For other unknown reasons, endometriosis is more likely to develop in infertile women, and thus be a secondary phenomenon.[21] It is preferable to speak of "endometriosis-associated infertility" rather than any definite "infertility caused by endometriosis" because association does not imply causation.[3]





In addition to pain control, medical management of endometriosis targets the suppression of hormonally active endometriotic tissue. Standard pharmacotherapy for women diagnosed with endometriosis include:[22]

Other than the analgesics, all these medications attempt to suppress follicle growth, induce amenorrhea, and suppress endometriotic lesions to improve fertility. However, as many of these therapies have contraceptive effects, they are not ideal for women seeking fertility. Instead, they postpone pregnancy and imply side effects.[23]

A second strategy is to stimulate follicle growth and ovulation. Clomiphene citrate, both alone or in combination with gonadotropins, is the most commonly prescribed. Aromatase inhibitors have also been used for follicle stimulation, but their efficacy have not been isolated.[23]

Immunomodulators such as interferon alpha 2 (IFN-α 2) and tumor necrosis factor (TNF)-α inhibitors are being studied in women with severe endometriosis. A study that included nineteen women received Etanercept before an IVF cycle showed a higher pregnancy rate compared to women who were not treated. Further studies still need to be done in order to determine the risk of infectious adverse events.[24]

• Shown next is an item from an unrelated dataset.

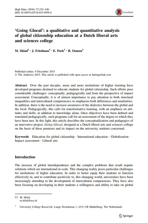 ‘Going Glocal’: A Qualitative and Quantitative Analysis of Global Citizenship Education at a Dutch Liberal Arts and Sciences College (High Education; Vol. 72, No. 3) Year of publication: 2015 Author: Marcin Skald | John Friedman | Eri Park | Barbara Oomen Corporate author: Springer Nature Over the past decades, more and more institutions of higher learning have developed programs destined to educate students for global citizenship. Such efforts pose considerable challenges: conceptually, pedagogically and from the perspective of impact assessment. Conceptually, it is of utmost importance to pay attention to both structural inequalities and intercultural competencies, to emphasize both differences and similarities. In addition, there is the need to increase awareness of the dialectics between the global and the local. Pedagogically, this calls for transformative learning, with an emphasis on attitudes and skills, in addition to knowledge alone. Once objectives have been defined and translated pedagogically, such programs call for an assessment of the degree to which they have been met. In this light, this article describes the conceptualization and pedagogics of an innovative project, Going Glocal, designed at a Dutch liberal arts and sciences college on the basis of these premises and its impact on the university students concerned.

Surgical intervention of endometriosis is indicated for both diagnostic and therapeutic purposes. It can be utilized for the diagnosis and treatment of endometriotic adhesions, as a second-line treatment following the failure or intolerance of pharmacotherapy, or for treatment of infertility in some patients.[25]

The goal of surgical intervention in mild endometriosis is to destroy or remove endometriotic implants, which has been shown to successfully improve fertility.[23][26] Possible types of surgeries include excision, electrodiathermy, or laser.

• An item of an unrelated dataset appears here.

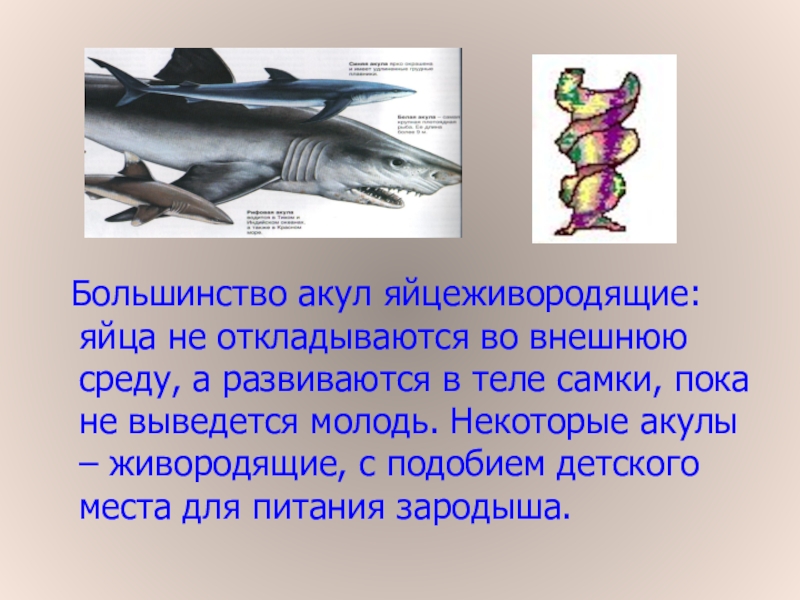 Большинство акул яйцеживородящие: яйца не откладываются во внешнюю среду, а

The goal of surgical intervention in moderate/severe endometriosis is not only to remove large endometriomas, but also to restore the normal anatomy of the pelvis.[27] However, there are no RCTs comparing these surgeries with medical or non-treatment options.[23] Ideally, surgery would be performed to diagnose while simultaneously treating. This can minimize exposure to multiple surgeries.[28] In cases of severe endometriosis, lesions may or may not be limited to the pelvic area, and may require advanced ultrasound in order to create a more accurate surgical plan.[29]

Compared to hormonal suppression, surgery is more effective at treating infertility in women who suffer from endometriosis,[30][6] especially for women with mild to moderate endometriosis.[31] While surgery can enhance the chances of conceiving naturally during the 12-18 ensuing months, the removal of ovarian endometriomas may be more risky and cause potential harm on future reproductive success.[30] For this reason, there are certain criteria that a surgeon must take into account beforehand in order to have minimal effect on ovarian reserve. Bilateral versus unilateral cystectomy of endometriomas can reduce ovarian reserve, as well as recurrent endometrioma excisions.[26] Combination of surgery and postoperative hormonal suppression therapy can also reduce the risk of recurring lesions and pain symptoms.[32]

Laparoscopic excision of minimal (rASRM Stage I) endometriomas has been shown to have better health outcomes including shorter postoperative recovery times, shorter hospital stays and decreased hospital costs compared to other endometriosis-associated surgeries.[26] However, the preferred surgical procedure (laparoscopy versus drainage and ablation) has insufficient comparative evidence to guide women planning to have postoperative fertility treatments.[33]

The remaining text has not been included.